心的外傷。外的内的要因による肉体的及び精神的な衝撃(外傷的出来事)を受けた事で、長い間それにとらわれてしまう状態で、また否定的な影響を持っていることを指す。』
『トラウマは色々な場面からできてしまう。事故、性的被害、戦争、虐待、パワハラ、セクハラ、DV、大自然の災害など。

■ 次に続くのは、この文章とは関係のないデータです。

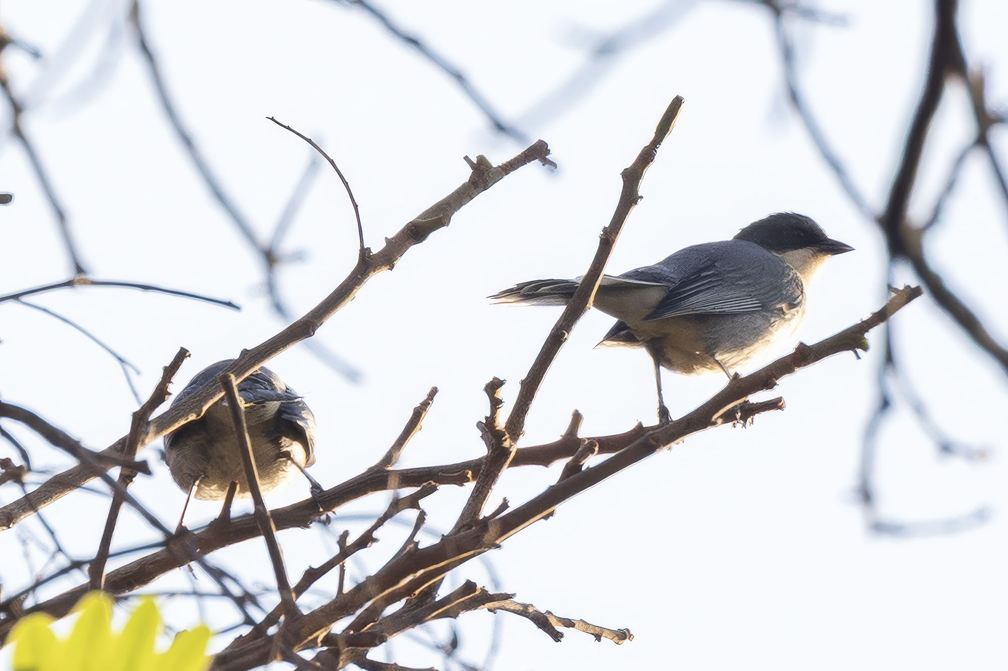 | It is grey above, white below and with a dark head and cheeks. The outer tail feathers are white. | ||||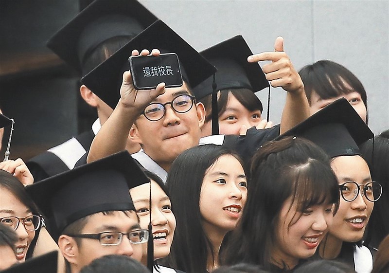 台灣大學昨天舉行畢業典禮,管理學院畢業生以手機秀出「還我校長」。圖/余承翰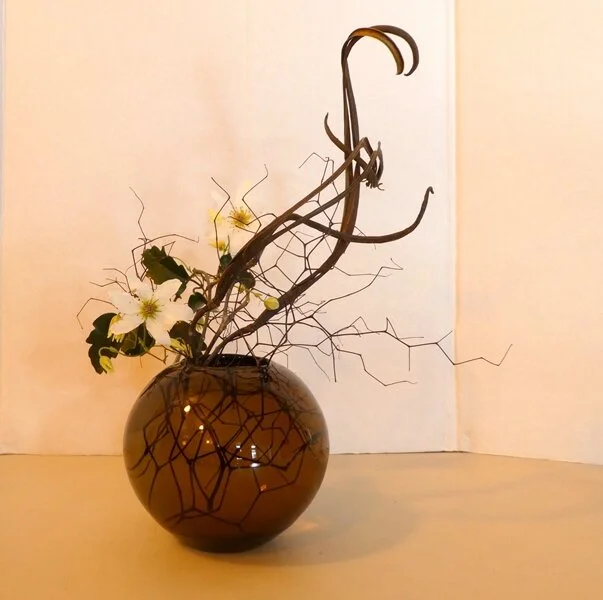 Clematis and dry material in brown glass vase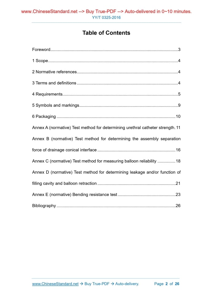 YY 0325-2016: Sterile urethral catheter for single use---This is an excerpt. Full copy of true-PDF in English version (including equations, symbols, images, flow-chart, tables, and figures etc.), auto-downloaded/delivered in 9 seconds, can be purchased online: https://www.ChineseStandard.net/PDF.aspx/YY0325-2016YY PHARMACEUTICAL INDUSTRY STANDARD ICS 11.040.20 C 31 Replacing YY/T 0325-2002 Sterile urethral catheter for single use Issued on: MARCH 23, 2016 Implemented on: JANUARY 01, 2018 Issued by. China Food and Drug Administration Table of ContentsForeword... 3 1 Scope... 4 2 Normative references... 4 3 Terms and definitions... 4 4 Requirements... 5 5 Symbols and markings... 9 6 Packaging... 10 Annex A (normative) Test method for determining urethral catheter strength. 11 Annex B (normative) Test method for determining the assembly separation force of drainage conical interface... 16 Annex C (normative) Test method for measuring balloon reliability... 18 Annex D (normative) Test method for determining leakage and/or function of filling cavity and balloon retraction... 21 Annex E (normative) Bending resistance test... 23 Bibliography... 26ForewordAll the technical contents of this Standard are mandatory. This Standard was drafted according to the rules given in GB/T 1.1-2009. This Standard replaces YY 0325-2002 “Sterile urethral catheter for single use”. Compared with YY 0325-2005, the main technical differences are as follows. - MODIFY the normative references (see Clause 2); - ADD the term. nominal balloon capacity (see 3.5); - MODIFY “kink resistance” TO “bending resistance performance” (see 4.7 of this Standard, 4.7 of 2002 edition); - MODIFY the test method for the flow (see 4.8 of this Standard, 4.8 of 2002 edition); - MODIFY some contents of the symbols and markings (see Clause 5); - MODIFY the packaging requirements (see Clause 6). Attention is drawn to the possibility that some of the elements of this document may be the subject of patent rights. The drafting authority of this document shall not be held responsible for identifying any or all such patent rights. This Standard shall be under the jurisdiction of National Technical Committee on Medical Infusion Devices of Standardization Administration of China (SAC/TC 106). Main drafting organization of this Standard. Shandong Quality Inspection Center for Medical Devices. Participating drafting organizations of this Standard. Guangzhou Well Lead Medical Co., Ltd., Shandong Freda Medical Devices Co., Ltd. Main drafters of this Standard. Wan Min, Song Jinzi, Wang Yanming, Huang Kaigen. This Standard was first issued in January 2002. Sterile urethral catheter for single use1 ScopeThis Standard specifies the terms and definitions, requirements, symbols and markings, packaging, etc. for sterile urethral catheter for single use. This Standard applies to sterile urethral catheter with balloon and without balloon for single use.2 Normative referencesThe following referenced documents are indispensable for the application of this document. For dated references, only the edition cited applies. For undated references, the latest edition of the referenced document (including any amendments) applies. GB/T 1962.1 Conical fittings with a 6 % (Luer) taper for syringes, needles and certain other medical equipment - Part 1.General requirement GB/T 14233.1 Test methods for infusion, transfusion, injection equipment for medical use - Part 1.Chemical analysis methods GB/T 15812.1-2005 Catheters other than intravascular catheters - Part 1. Test methods for common properties GB/T 19633.1 Packaging for terminally sterilized medical devices - Part 1. Requirements for materials, sterile barrier systems and packaging systems YY/T 0313 Medical polymer products - Requirement for package and information supplied by manufacturer YY/T 0466.1 Medical devices - Symbols to be used with medical device labels, labelling and information to be supplied - Part 1.General requirements YY/T 0615.1 Requirements for medical devices to be designated3 Terms and definitionsFor the purpose of this document, the following terms and definitions apply. 3.1Annex A(normative) Test method for determining urethral catheter strength A.1 Principle Urethral catheters with balloon may be used in situ for long periods of time. Therefore, for urethral catheters with balloon, the urethral catheter is immersed in simulated urine for 14 days before the test. For urethral catheters without balloon, this step may be omitted. A tension is applied to the junction between the tip and the shaft of the urethral catheter. For urethral catheters with side holes, tension is applied to the holes; for catheters without side holes, tension is applied between the shaft and the drainage conical interface. After remove the tension, check the urethral catheter for signs of destruction. A.2 Reagents A.2.1 Simulated urine may use either of the following two formulas. a) Simulated urine consists of the following components (pH is about 6.6). The reagents are analytical reagents. Urea 25.0 g Sodium chloride 9.0 g Anhydrous disodium phosphate 2.5 g Ammonium chloride 3.0 g Anhydrous potassium dihydrogen phosphate 2.5 g Creatinine 2.0 g Sodium sulfite, anhydrous 3.0 g Distilled water dilute to 1.0 L Warning. This solution helps the growth of microorganisms. At the end of the tests described in A.3 and C.3, there is likely to be a large amount of microorganisms. These tests shall be carried out by trained personnel. Appropriate preventive measures shall be taken when handling the soaked urethral catheter and discarding the contaminated solution. b) Simulated urine consists of the following components (pH is about 5.5 ~Annex B(normative) Test method for determining the assembly separation force of drainage conical interface B.1 Principle CONNECT the specified test connector to the drainage conical interface of the urethral catheter; APPLY an axial tension; CHECK if the connection is separated. B.2 Instrumen

心的外傷が突如として記憶によみがえりフラッシュバックするなど、特定の症状を呈して持続的に著しい苦痛を伴えば急性ストレス障害であり、一部は1か月以上の持続によって心的外傷後ストレス障害 (PTSD) ともなりえる。』
物語性がなく、淡々とそれについて綴られているだけなのに
どうして本のページをめくることを止められいのだろうか。
私が死んだ日は雨の日だった。
今日みたいな、土砂降りの雨の日だった。
今日みたいな土砂降りの雨だったから
トラックがスリップを起こしてしまったのだ。
誰も悪くない。仕方の無い事だった。
運転手の人も亡くなってしまった。
これはただの事故なのか、それとも自然災害となるのか。
息が詰まる。
目眩がする。
頭が痛い。
手が震える。
流れる血。
だんだんと冷めていく体温。
狭まっていく視界。
あぁ、この感じ。
1人ぼっちで朽ちていくこの感じを私はよく知っている
私がその場から立てないでいると、
「赫坂か?」
低い声をした紫色の瞳をした彼が私に声をかけた。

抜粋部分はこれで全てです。